The First Wild Axolotl
It is during the fourth month of rain that the axolotl arrives. It is not ordinary. An ordinary axolotl will have black pinhead eyes, unblinking, ringed with a nuclear neon glow. This axolotl’s eyes are blue, gray-flecked, framed by a fringe of lashes. They blink: seeing, unseeing; seeing, unseeing.
I recognize my daughter immediately.
She is present in the smile, too: that slim, eerily stoic grin; mirth in mouth alone. It is Darla’s I-know-something-you-don’t grin that she’d started flashing as a teenager, the one I found so disconcerting I’d sometimes wonder if within my daughter lived a whisper of some awful, other-than-human charm. It’s a smile that still appears in my dreams; I wake strangled by my own breath, heart a breakbeat in my chest. Dreams, still—even with Darla decades gone.

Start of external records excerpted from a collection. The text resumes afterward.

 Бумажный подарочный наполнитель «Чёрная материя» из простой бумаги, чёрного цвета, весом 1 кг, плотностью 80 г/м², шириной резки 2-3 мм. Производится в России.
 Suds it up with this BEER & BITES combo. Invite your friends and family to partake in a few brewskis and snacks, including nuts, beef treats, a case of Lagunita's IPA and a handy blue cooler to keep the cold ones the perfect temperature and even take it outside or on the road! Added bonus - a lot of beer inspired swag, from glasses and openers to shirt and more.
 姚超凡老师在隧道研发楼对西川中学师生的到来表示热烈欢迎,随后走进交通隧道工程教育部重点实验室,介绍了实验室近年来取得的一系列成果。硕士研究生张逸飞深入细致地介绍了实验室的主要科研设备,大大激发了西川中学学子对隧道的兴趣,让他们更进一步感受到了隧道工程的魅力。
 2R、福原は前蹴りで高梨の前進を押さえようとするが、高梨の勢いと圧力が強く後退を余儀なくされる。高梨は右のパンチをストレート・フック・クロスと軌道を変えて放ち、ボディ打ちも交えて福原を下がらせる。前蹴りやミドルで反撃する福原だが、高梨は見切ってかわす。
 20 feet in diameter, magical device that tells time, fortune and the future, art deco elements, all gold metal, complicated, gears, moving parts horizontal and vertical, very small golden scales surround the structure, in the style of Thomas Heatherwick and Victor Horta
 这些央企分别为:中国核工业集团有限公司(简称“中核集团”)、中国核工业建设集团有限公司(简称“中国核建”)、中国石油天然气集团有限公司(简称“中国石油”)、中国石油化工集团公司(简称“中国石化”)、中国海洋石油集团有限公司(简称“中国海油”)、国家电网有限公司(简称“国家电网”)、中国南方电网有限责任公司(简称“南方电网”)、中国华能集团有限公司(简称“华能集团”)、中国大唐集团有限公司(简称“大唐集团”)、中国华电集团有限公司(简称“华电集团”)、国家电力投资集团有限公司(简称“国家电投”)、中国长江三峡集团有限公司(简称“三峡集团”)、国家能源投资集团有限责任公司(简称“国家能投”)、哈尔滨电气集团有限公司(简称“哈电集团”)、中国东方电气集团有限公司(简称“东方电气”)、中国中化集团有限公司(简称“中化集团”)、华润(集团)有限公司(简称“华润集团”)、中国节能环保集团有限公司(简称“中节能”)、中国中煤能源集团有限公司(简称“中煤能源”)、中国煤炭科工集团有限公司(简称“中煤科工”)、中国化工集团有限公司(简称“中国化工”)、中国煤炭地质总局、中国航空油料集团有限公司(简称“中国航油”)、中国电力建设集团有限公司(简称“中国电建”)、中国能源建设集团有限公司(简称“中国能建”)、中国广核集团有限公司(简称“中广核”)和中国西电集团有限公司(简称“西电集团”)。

The rain has been falling longer than usual this year, thunder like marbles spilled across the roof, the earth in a slow slide toward its lowest elevation. The last remaining tree in the yard didn’t topple over so much as it merely lay down, tilting incrementally as its roots were pummeled loose by endless, bullet-sized drops. It lies there now like a dark body, sinking further into the muck. Within it, a smear of pink across a rain-slimed branch: Darla.
I thought at first—impossibly—that she was a bird. Instincts leftover from the years when that’s all a flash of color through the branches of a tree was: a bird. Through the bars of the rain-rivered window at the front of the house, she seemed to flit, flutter. But birds have been gone from this part of the world nearly half as long as Darla. Instead, this is a personal miracle: my child returned.
Outside, I crouch to the level of the fallen tree, taking in every inch of her, assessing. Two delicate pink forelimbs cling to a slender branch, while her hind limbs kick desperately at leaves that are more rot than foliage. Her long, paddle-like tail flops behind her, threaded with veins visible through her pale skin. I measure what I see against Darla as I last knew her. Eyes. Smile. I search, irrationally, for more to recognize—so long that the rain begins to hurt. My nightgown is soaked through, my knees stiff, my hair heavy and snarling wetly down my back.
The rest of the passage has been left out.